Tutta la filosofia e la scrittura di Paul Valéry sono leggibili sotto il segno della ricerca dell’io al fine di comprenderne e dispiegarne le potenzialità attraverso una serie di ‘esercizi’: esse sono un laboratorio, una palestra, un continuo addestramento dell’io che si svolge attraverso l’universo dei Cahiers, l’attività poetica e la riflessione su di essa e gli innumerevoli scritti d’occasione che compongono il corpus vivo della riflessione di Valéry.
Questa scepsi ha luogo per mezzo di strumenti che pongono l’io e le sue raffigurazioni faccia a faccia con il pensatore stesso: i Cahiers innanzitutto ma anche l’immagine, in prima istanza quella riflessa dallo specchio, ma subito dopo anche il ritratto fotografico. L’immagine fotografica infatti rispetto a quella dello specchio ha una dimensione sociale ed è concreta manifestazione dell’io come altro da sé, come tentativo di oggettivizzazione della soggettività, come tentativo di messa in forma ‘oggettiva’, chiara e condivisa, dell’io.

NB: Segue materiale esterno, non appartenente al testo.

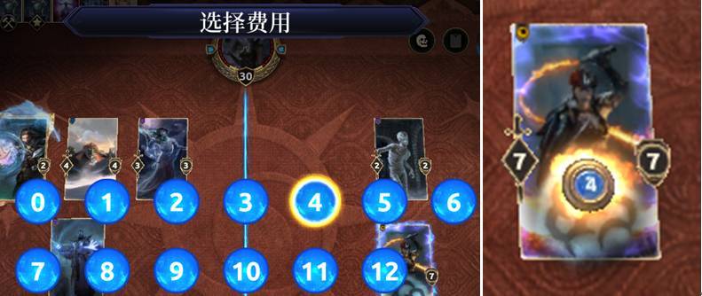 此卡选择的费用的结果以计数器的形式显示在生物上。此卡的召唤效果只是执行“选择一个费用”的行为,“无法打出卡牌”是在场的光环效果,离场则失去效果,此卡的机制类似于此前小型扩展的中立5费3/3“被遗忘的冠军”

Il ritratto fotografico, l’immagine del volto – il volto è ciò che ci definisce e ci identifica ma al contempo è escluso dalla nostra vista se non attraverso l’artificio del ritratto o di uno specchio – è necessariamente sotto il segno dell’ambiguità e ha sempre dato luogo a fondamentali riflessioni sia per la definizione dell’io stesso sia per la comprensione del ruolo e della funzione che la fotografia svolge.